Code coverage - unintended benefit

Unit test coverage is not a panacea.  You can reach 100% unit test coverage without a single assertion about outputs or business logic, in which case the tests aren't that useful.

Or are they?  Just the act of executing every single line and branch of code does provide one important value: it demonstrates that you can show what inputs or conditions trigger which parts of the code.

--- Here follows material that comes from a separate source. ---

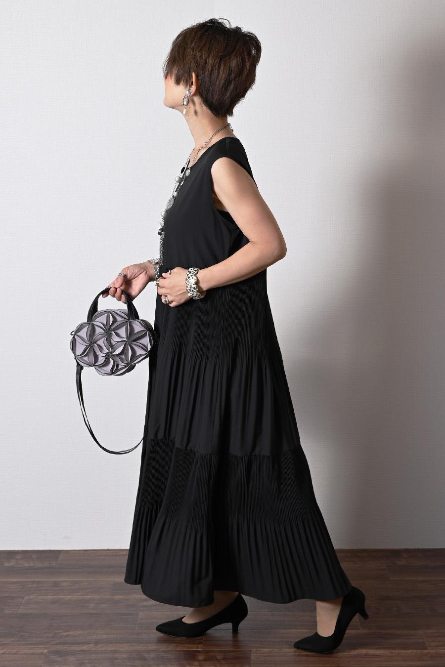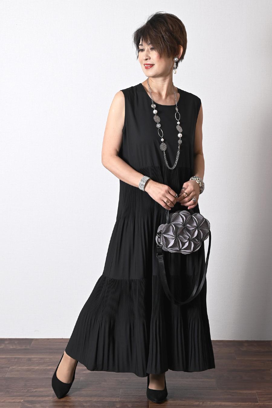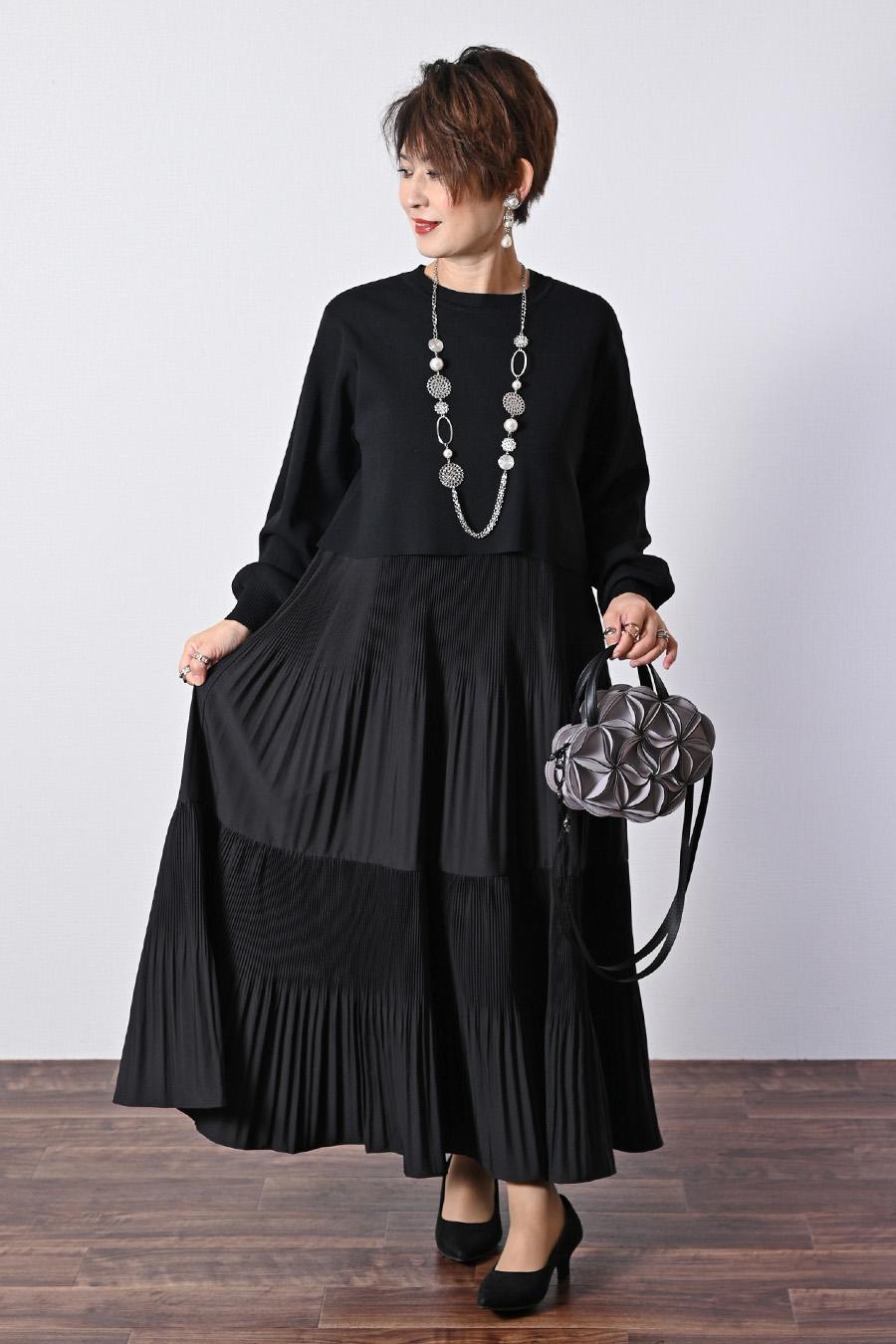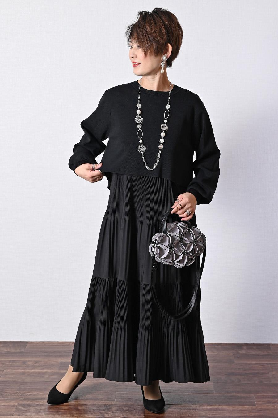 プリーツワンピース+ニットボレロアンサンブル

More importantly, the act of getting there helps reveal sections of code and conditionals that you might not even need.  Having a coverage target also gives you incentives to stay "clean" and avoid gratuitous not-null checks or try/catch blocks, two pet peeves of mine.  (I've seen too many not-null checks that looked defensive at first but in reality just kicked the can down the road, further obscuring the real problem.)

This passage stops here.